This paper examines the visual texture classification in order to investigate how
well it could be used for haptic texture search engine. In classifying the visual
textures, feature extraction for a given image involving wavelet decomposition
is used to obtain the transformation coefficients. Feature vectors are formed
using energy signature from each wavelet sub-band coefficient. We conducted
an experiment to investigate the extent in which wavelet decomposition could
be used in haptic texture search engine. The experimental result, based on
different testing data, shows that feature extraction using wavelet
decomposition achieve accuracy rate more than 96%. This demonstrates that
wavelet decomposition and energy signature is effective in extracting
information from a visual texture. Based on this finding, we discuss on the
suitability of wavelet decomposition for haptic texture searching, in terms of
extracting information from image and haptic information.
Keywords: Texture recognition, supervised learning, machine learning, haptic
texture search engine, wavelet decomposition.
1 Introduction
Lately, computer vision has become one of the most popular research subjects.
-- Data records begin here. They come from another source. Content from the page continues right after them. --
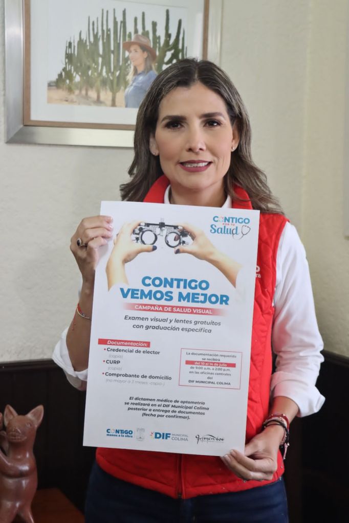 La presidenta municipal de Colima, Margarita Moreno, anunció el arranque de la campaña Contigo Vemos Mejor, cuyo objetivo es entregar lentes gratuitos, con graduación específica, para ayudar a las personas que tengan debilidad visual.
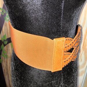 Elevate your outfit with this chic tan belt featuring elegant metallic accents. Perfect for adding a touch of sophistication to any ensemble.
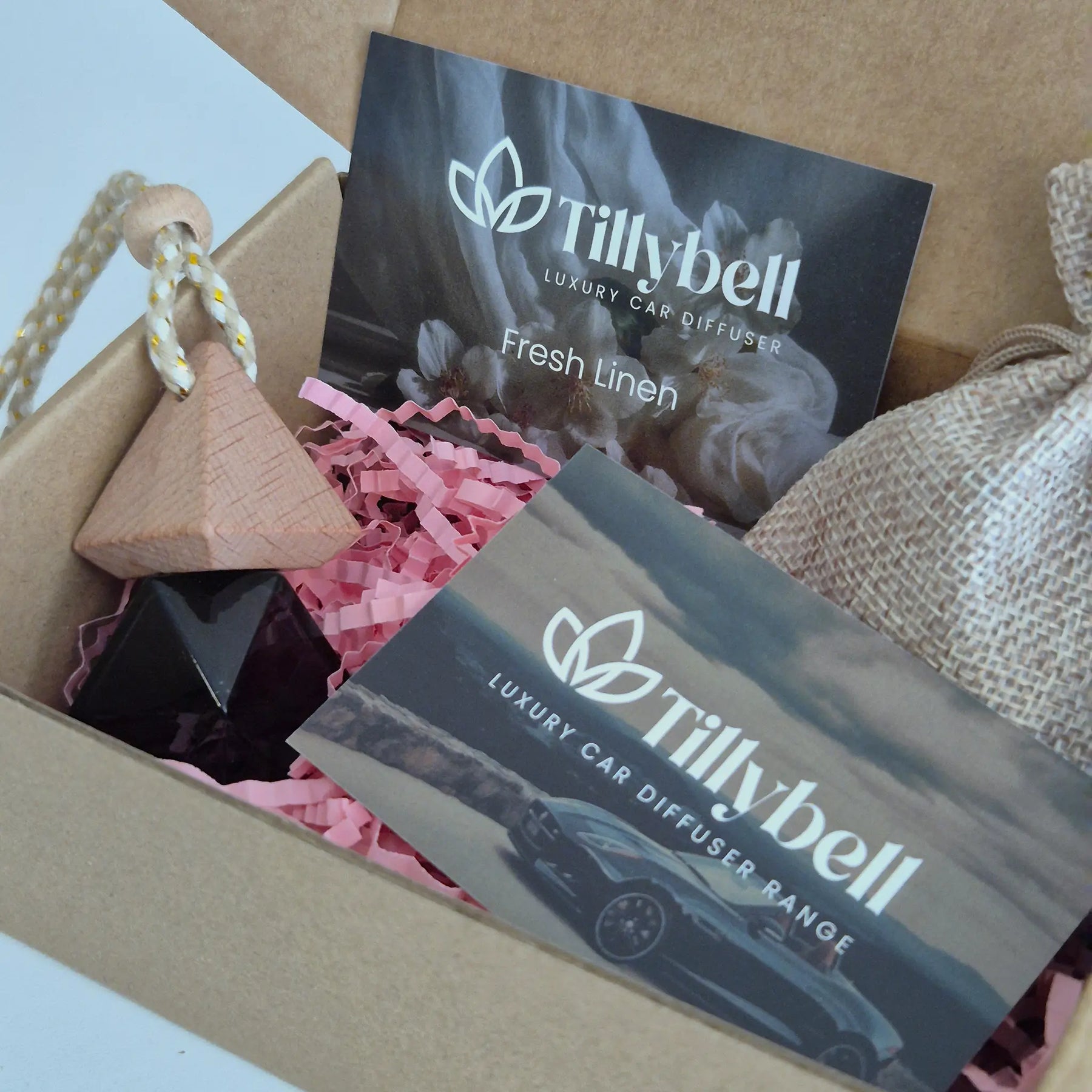 Each Tillybell Car Diffuser is hand-filled in the UK using premium fragrance oils for a refined, consistent scent that lasts for weeks. The sleek refillable design diffuses naturally through the wooden lid, delivering everyday luxury with every mile.
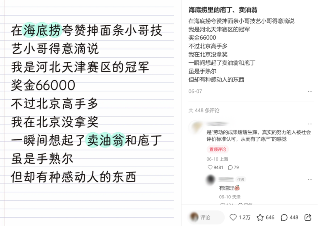 不过,要说“打赏”这事搁海底捞,也不算太离谱——毕竟现在去海底捞吃饭,已经像是走错片场,走进了民间艺人交流大会。
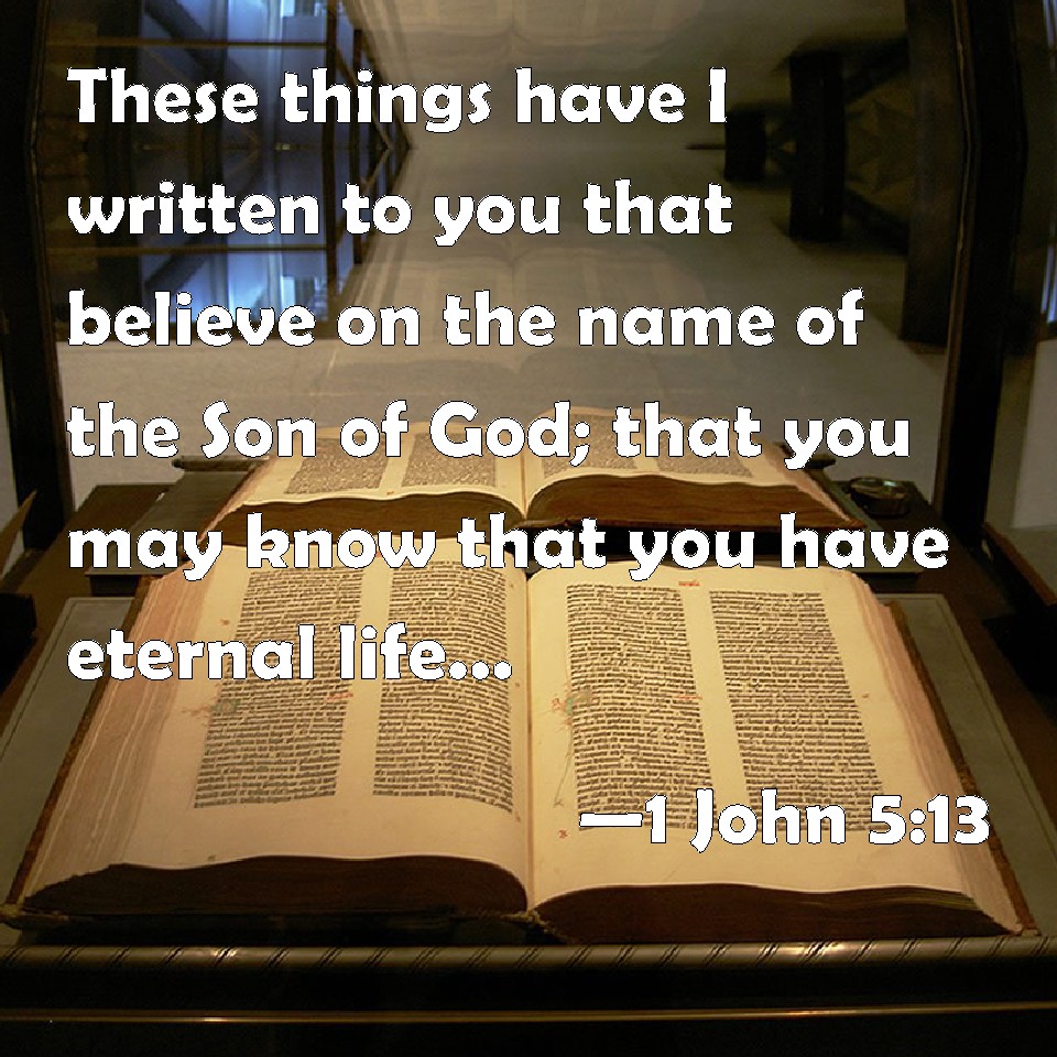 Choose a Background 1 John 5:13 These things have I written to you that believe on the name of the Son of God; that you may know that you have eternal life, and that you may believe on the name of the Son of God. KJV: These things have I written unto you that believe on the name of the Son of God; that ye may know that ye have eternal life, and that ye may believe on the name of the Son of God. DRB: These things I write to you, that you may know that you have eternal life, you who believe in the name of the Son of God. DBT: These things have I written to you that ye may know that ye have eternal life who believe on the name of the Son of God. ERV: These things have I written unto you, that ye may know that ye have eternal life, even unto you that believe on the name of the Son of God. WBT: These things have I written to you that believe on the name of the Son of God; that ye may know that ye have eternal life, and that ye may believe on the name of the Son of God. WEB: These things I have written to you who believe in the name of the Son of God, that you may know that you have eternal life, and that you may continue to believe in the name of the Son of God. YLT: These things I did write to you who are believing in the name of the Son of God, that ye may know that life ye have age-during, and that ye may believe in the name of the Son of God.Links 1 John 5:13 NIV • 1 John 5:13 NLT • 1 John 5:13 ESV • 1 John 5:13 NASB • 1 John 5:13 KJV • 1 John 5:13 Interlinear • 1 John 5:13 Commentaries • 1 John 5:13 Parallel Texts • 1 John 5:13 Bible Apps • 1 John 5:13 Parallel • Bible Hub |
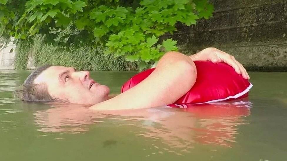 2. El hombre que nada 2 kilómetros diarios por un río para llegar a su trabajo
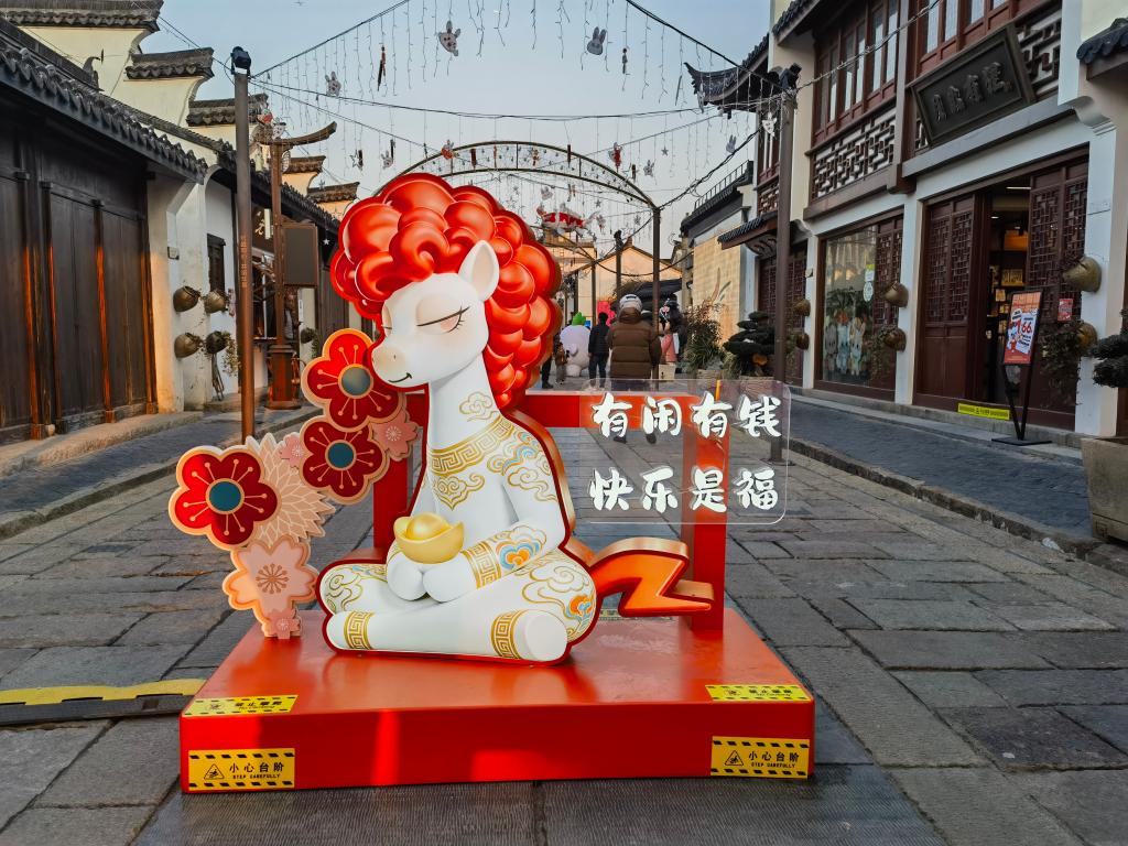 这是设在泗泾古镇主街上的时尚打卡装置。新华社记者 陈爱平 摄
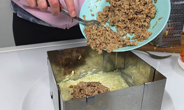 Для маринада мелко нарубите лук кубиками, залейте его смесью воды и уксуса с добавлением соли и сахара, оставьте на 15 минут, после чего максимально тщательно отожмите жидкость руками. Рыбную основу приготовьте, смешав в отдельной тарелке размятые вилкой сардины и тунец, предварительно слив лишнее масло и сок, чтобы салат не стал слишком жидким. Сборку начинайте с картофельного слоя: натрите отварной картофель на мелкой терке прямо в форму, слегка присолите и нанесите частую майонезную сетку.

Computer vision contributes in various fields that include medical, engineering, and
robotics. One of the most interesting topics in computer vision is texture recognition.
Being the smallest entity, textures could be used as a parameter to recognize a
particular object. There are many different types of applications involving texture
analysis, including medical imaging, industrial inspection, remote sensing, document
segmentation, and computer based image retrieval [1].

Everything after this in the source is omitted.